SUMMARY OF THE INVENTION

In accordance with a first aspect, a method is provided for decomposing one or a plurality of constituents of a test sample using time-resolved reference signals. Time-resolved reference signals produced by various constituents in a reference sample are obtained by measuring the time-resolved signal of each constituent individually or in sub-groups using a time-domain optical imaging apparatus. An unknown time-resolved signal corresponding to an in vivo test sample is recorded by the optical time-domain imaging apparatus. Using the time-resolved reference signals, the unknown time-resolved signal is decomposed so as to determine presence of the one or plurality of constituents—a qualitative analysis, and further identifying relative fractional contributions of the constituents—a quantitative analysis.

In a particular aspect, the constituents are two fluorophores, and the time-resolved reference signals correspond to the measured time-resolved signal for each of the two different fluorophores in the reference sample. Alternatively, one of the constituents may be a fluorophore and the other constituent relate to autofluorescence of a medium, such as a tissue, into which the fluorophore is injected.

In accordance with a particular aspect, the decomposing of the unknown time-resolved signal of the test sample may be done using a linear least squares fitting to the time-resolved reference signals. These time-resolved signals may further be normalized by their steady-state intensity, so that a relative contribution of each of the corresponding constituent is determined.

In a particular aspect, the quantitative analysis may involve locating the constituents at a same position in the reference samples and the test sample. If the constituents have different known locations, a relative quantitative analysis may involve using light propagation theory to compensate for diffusion effects. In the particular case of fluorescent constituents, by measuring the steady state fluorescence ratio of multiple fluorescent constituents, given an identical quantity of each, a constituent quantity fraction may be determined from its estimated reference signal intensity fraction.

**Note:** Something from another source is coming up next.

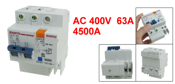 Product Name Earth Leakage Circuit Breaker Material Plastic, Electric Components Model DZ47LE-63 Type C63 Rated Voltage AC 400V Rated Circuit Breaking Capacity 4500A Frequency 50Hz Rated Current 63A Total Size (Approx.) 6.5 x 6.3 x 9.3cm/ 2.5" x 2.4" x 3.6" (L*W*H) Number of Poles 2 Color White Weight 277g Package Content 1 x Earth Leakage Circuit Breaker - Reviews
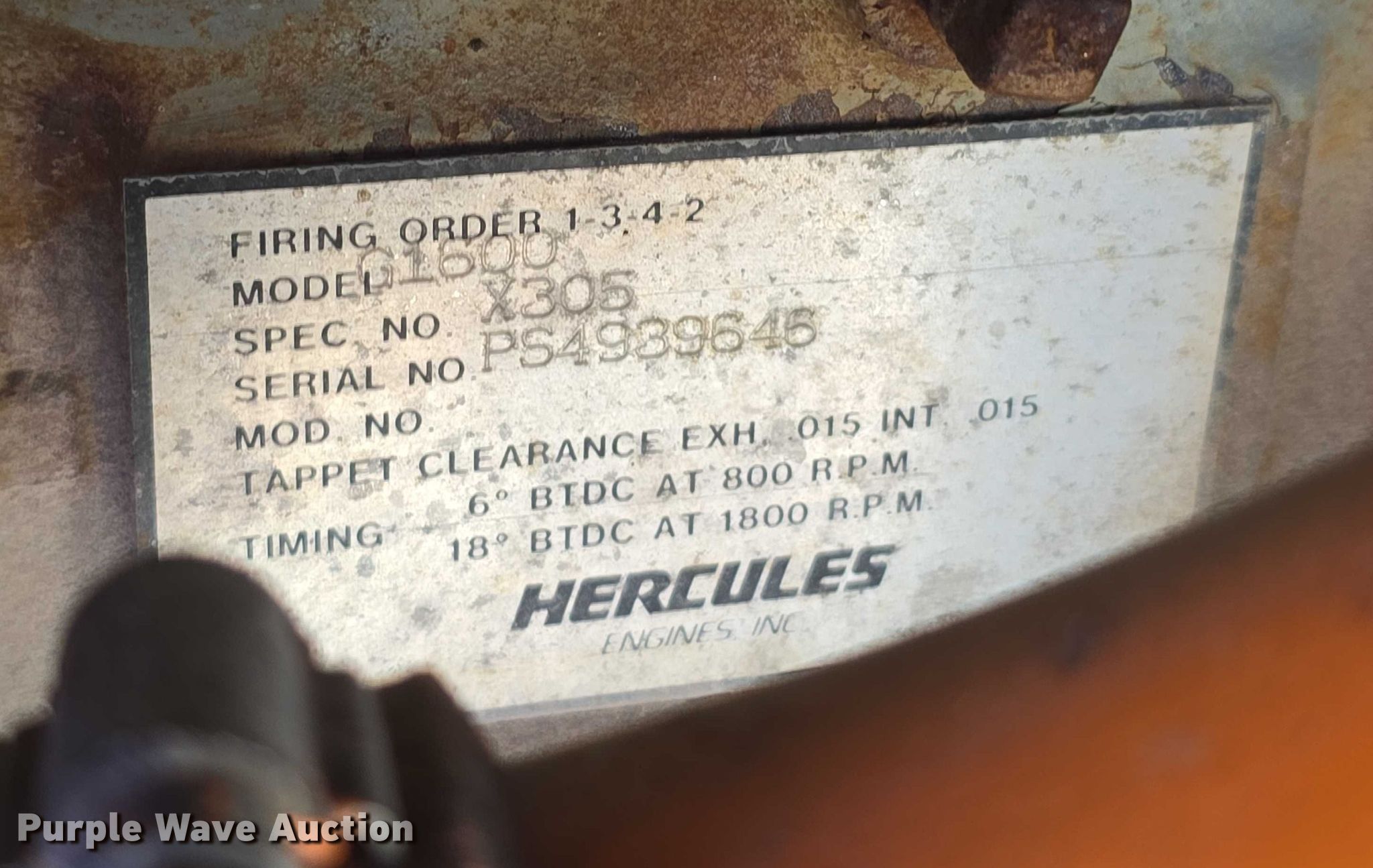 White Engines pump. Hours: 899 on meter, Serial: 66094D, VIN: 4TCCGW318266094E. Engine Hercules G1600, Serial: PS4939646, Cylinders: 4, Fuel type: Gas. Features Overall dimensions: 11' L x 54" W, Pump Inlet: 5" diameters, Outlet: 5" diameters, Hose. Chassis Hitch: Pintle, Landing gear: Single. Tires Size: P215/75R15. Notes Possible fuel pump issue, Unknown operating condition. This is worksite support equipment and will not come with a title. Transfer of ownership documentation will be a bill of sale. City of Kearney, NE. Kearney, NE 68847

In accordance with another aspect, the present invention further takes under consideration for fluorescent constituents estimation of the fluorescence lifetimes of multiple fluorophores embedded in the test sample. In a first aspect, by assuming that photon diffusion does not significantly change the fluorescence decay slope, the light propagation is modeled as a time-delay during lifetime estimation. Then the fluorescence lifetimes are estimated by comparing relative fractional contribution of the constituent in the unknown time-resolved sample to the convolution of an impulse response function system with fluorescence decay model. In a second aspect, the fraction of each fluorescent constituent in a mixture is obtained by comparing unknown time-resolved signal with time-resolved reference signals corresponding to each constituent.

BRIEF DESCRIPTION OF THE DRAWINGS

FIG. 1 is a schematic view of an optical imaging system that may be used with the present invention.

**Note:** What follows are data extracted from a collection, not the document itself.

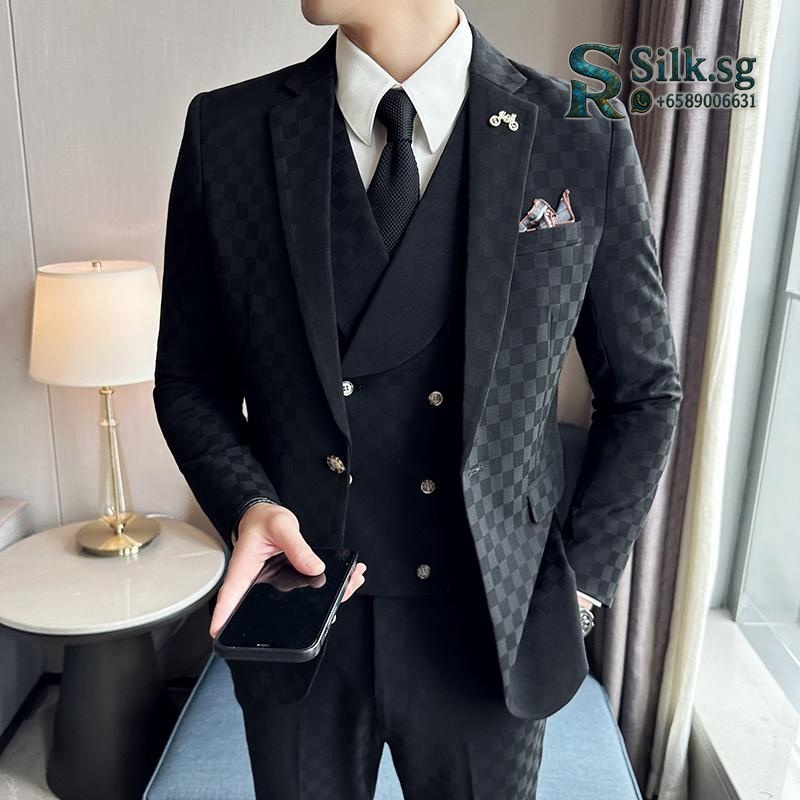 Be the first to review “Hanfanxi – Men’s Slim Fit Check Blazer Suit Set with Vest & Trousers,” Cancel reply
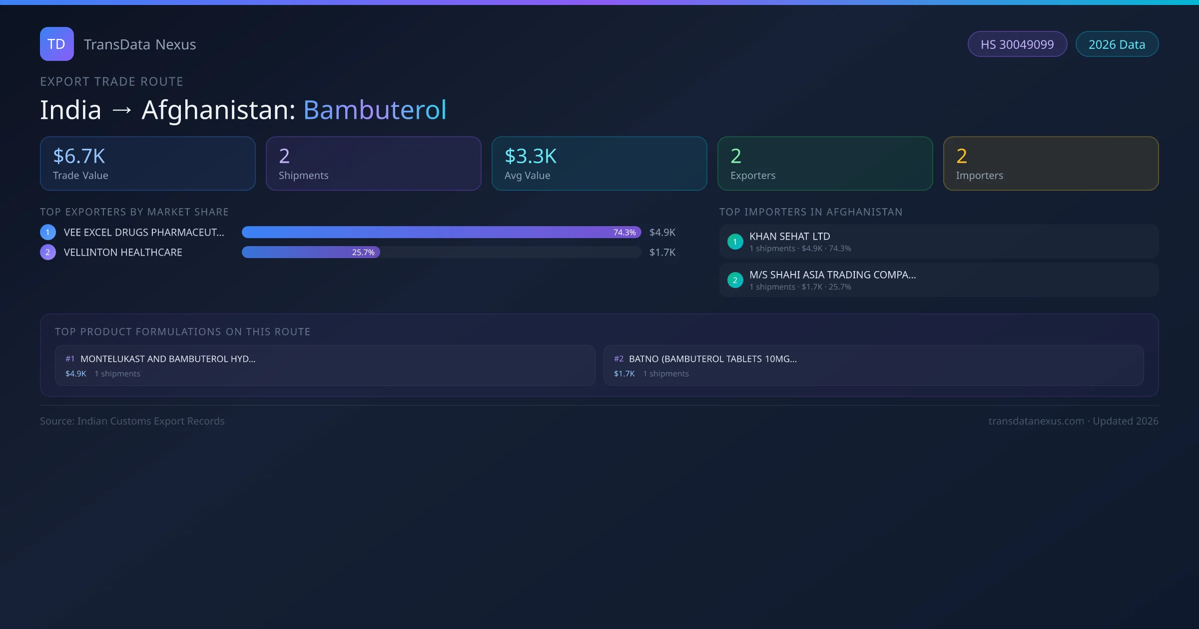India has recorded 2 verified shipments of Bambuterol exported to Afghanistan, representing a combined trade value of $6.7K USD. This corridor is served by 2 active Indian exporters, with an average shipment value of $3.3K USD. The leading Indian exporter is VEE EXCEL DRUGS PHARMACEUTICALS PVT LTD, which accounts for 74% of total export value with 1 shipments worth $4.9K USD. On the buying side, KHAN SEHAT LTD is the largest importer in Afghanistan with $4.9K USD in purchases. All data sourced from Indian Customs (DGFT) shipping bill records. Values reported in FOB USD.
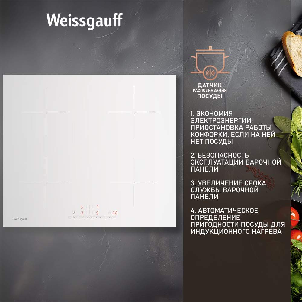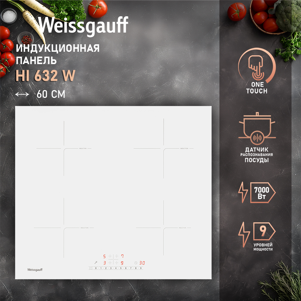Встраиваемая варочная панель индукционная Weissgauff HI 632 W белый
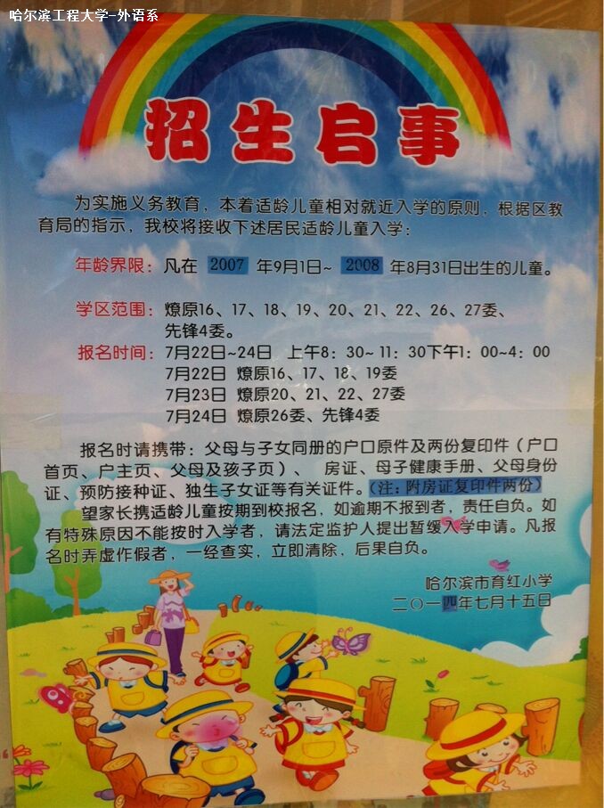 经与育红小学协商,定于7月24日上午特为公司教职工子女集中办理入学报名事宜,届时校工会将派专人到现场负责协调。请部门工会通知本部门相关人员,避免遗漏。报名须知请见附件。
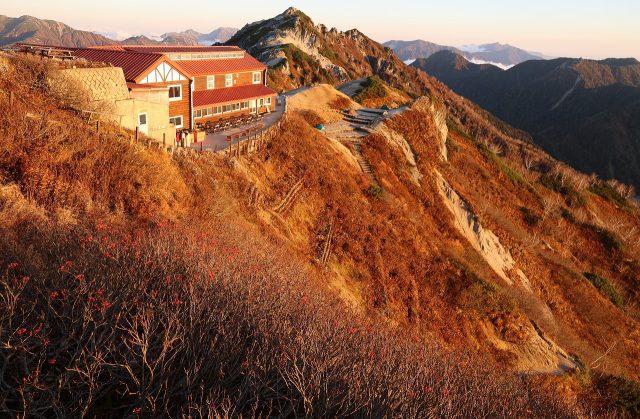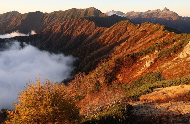 そして、美しい朝焼け。稜線付近の山肌の色はこの雨あがりですっかり晩秋の色へと変わっていました。その色は朝日を浴びて、より一層きれいでした。
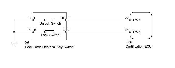 If the entry lock function does not operate for the back door only, but the entry unlock function operates, the request code is being transmitted properly from the back door. In this case, there may be a problem related to the lock switch (connection between the back door electrical key switch and certification ECU).
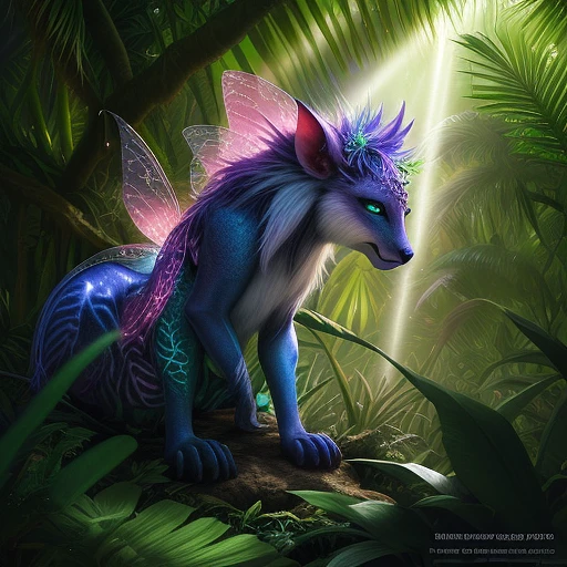 fantasy animal in the jungle, closeup, ultra detailed, fairy lighting, photorealistic, bright colors, volumetric rays of light, hdr. --ar 9:16
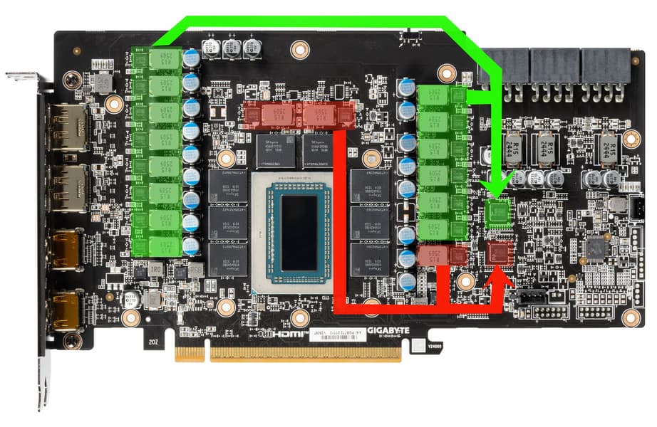 Зеленым цветом отмечена схема питания ядра (14 фаз), красным — памяти (3 фазы).

FIG. 2 is a series of fluorescence signal images resulting from the measurement of test samples having different relative ratios of known fluorescing constituents.

FIG. 3 is a graphical depiction of the temporal signatures of three different constituents each of which is present in one or more of the test samples of FIG. 2.

FIG. 4 is a graphical depiction of a decomposition fitting of a time-resolved signal from one of the test samples of FIG. 2 using the three constituents of the sample, as shown in FIG. 3, along with the fitting error.

FIG. 5 is a graphical depiction of a decomposition fitting, along with the fitting error, of a two constituent test sample of FIG. 2 using the two time-resolved reference signals for the corresponding constituents.

FIGS. 6A and 6B are graphical depictions, respectively, of a time-resolved fluorophore signal from organic tissue from which a background fluorescence signal constituent has been removed, and the corresponding background signal.

FIGS. 7A and 7B are graphical depictions of two examples of the decomposition of unknown fluorescence signals using the reference fluorophore signal and the background signal of FIGS. 6A and 6B, the figures each showing the relevant fitting and corresponding fitting error.

FIG. 8A is a raw fluorescence intensity image for a sample having multiple constituents.

FIG. 8B is a set of intensity images for the fitted fractions corresponding to the intensity signal of FIG. 8A.

FIG. 9 is a graphical depiction of the time scales related to fluorescence decay, light diffusion in tissue, and system IRF for typical fluorescence spectroscopy using reflection configuration.

FIG. 10 is a graphical view of examples of dual lifetime fitting of fluorescence signals from biological tissue.

FIG. 11 is a graphical view of examples of recovering the constituent fractions of fluorophore mixtures in tissue.

FIG. 12 is a graphical depiction of examples of dual lifetime fitting of fluorescence signal from tissue-like medium based on phantom data.

FIG. 13 is a graphical depiction of examples of recovering the constituent fractions of fluorophore mixtures in tissue-like medium by signals from single dyes based on phantom data.

FIG. 14 shows an intensity image of a mouse injected with various fluorescence dyes.

FIG. 15 is a graphical depiction of dual lifetime fitting of the fluorescence signal from the upper-left spot of the mouse shown in FIG. 14.

FIG. 16 is a graphical depiction of a fitted constituent fraction of the dye mixture injected in the upper-left spot of the mouse shown in FIG. 14.

DETAILED DESCRIPTION OF THE INVENTION

Time-Domain Optical Imaging Apparatus

Shown in FIG. 1 is time-domain optical imaging apparatus that may be used with the method of the present invention. Systems such as this are known in the art, and other configurations may also make use of the invention. In the arrangement of FIG. 1, source 61 provides light. The light is directed towards a predetermined point of light injection on object 62 using source channel 64. The source channel 64 is an optical means for directing the light to the desired point on the object 62 and may include a fiber optic, reflective mirrors, lenses and the like. A first detector channel 65 is positioned to detect emission light in a back-reflection geometry and a second detector channel 66 is positioned in a trans-illumination geometry. The detector channels 65 and 66 are optical means for collecting the emission light from desired points on object 62 and are optically coupled to photon detector 69. As with the source channel 64, the detector channels 65 and 66 may include a fiber optic, lenses, reflective mirrors and the like. The source 64 and detector channels 65 and 66 may operate in a contact or free space optic configuration. By contact configuration it is meant that one or more of the components of the source and/or detector channel is in contact with object 62. In contrast, a free space optic configuration means that light is propagated through air and directed to or collected from the desired points with appropriate optical components. If desired, the detector channels 65 and 66 can be coupled to spectral filters 67 to selectively detect one or a bandwidth of wavelengths.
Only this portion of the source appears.